19年6月期の売上構成比は金融システムソリューション89%、プロダクトソリューション11%、営業利益構成比は金融システムソリューション97%、プロダクトソリューション3%だった。
クレジットカード会社、ネット銀行、証券会社など金融関連のシステム開発受託・ハードウェア販売・保守サービスを収益柱としている。金融業界のシステム投資や案件ごとの採算性が影響し、下期の構成比が高い特性もある。
■事業領域拡大に向けて新製品・新サービスを強化
金融システムソリューションでは、クレジットカード決済のフロント業務関連システムから、金融領域全般への事業領域拡大を目指し、クラウドサービスも強化している。また拡大するEC決済に対応して、複数のカード会社と次世代不正検知の実証実験を進めている。プロダクトソリューションでは、サイバー攻撃や情報漏えいに対応したセキュリティ関連のソリューションを強化している。
クラウドサービスの20年3月末時点の導入社数は、OnCore SwitchのIGATESが2社、不正検知のIFINDSが3社、アクワイアリング業務のIOASISが5社となった。
AI関連の新規開発案件では、SMBC日興証券「AI株価見守りサービス」に、CEP(Complex Event Processing)エンジンであるFES(Fast Event Streamer)が採用され、19年7月サービス開始した。

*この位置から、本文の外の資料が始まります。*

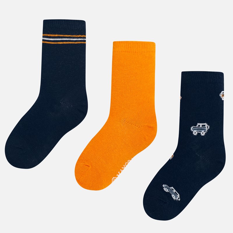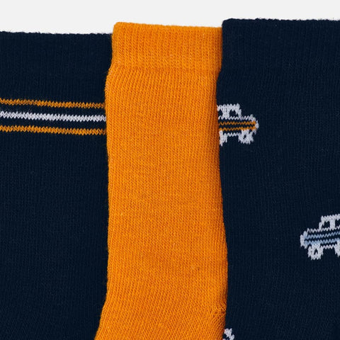 Ensemble pratique de trois paires de chaussettes pour garçon. Tissu doux en coton élastique. Éléments décoratifs: dessins décoratifs.

19年8月には、あいおいニッセイ同和損害保険などと共同で、業界初のテレマティクス技術を活用した事故対応システム「テレマティクス損害サービスシステム」を開発した。
中期事業計画では経営目標値として、22年6月期売上高120億円(金融システムソリューション106億円、プロダクトソリューション14億円)、営業利益12億円(営業利益率10.0%)を掲げている。サイバーセキュリティ総合プロバイダーを目指し、金融システムソリューションにおけるクラウドサービスは中期的に売上高14億円(19年6月期実績6億37百万円)を目指す。なお目標値には次の大型開発案件の候補や新規商材を織り込んでいない。
■20年6月期増益予想
20年6月期業績(非連結)予想は売上高が19年6月期比1.5%増の106億円、営業利益が8.5%増の10億円、経常利益が9.1%増の10億40百万円、純利益が5.3%増の7億20百万円としている。配当予想は19年6月期と同額の9円(期末一括)である。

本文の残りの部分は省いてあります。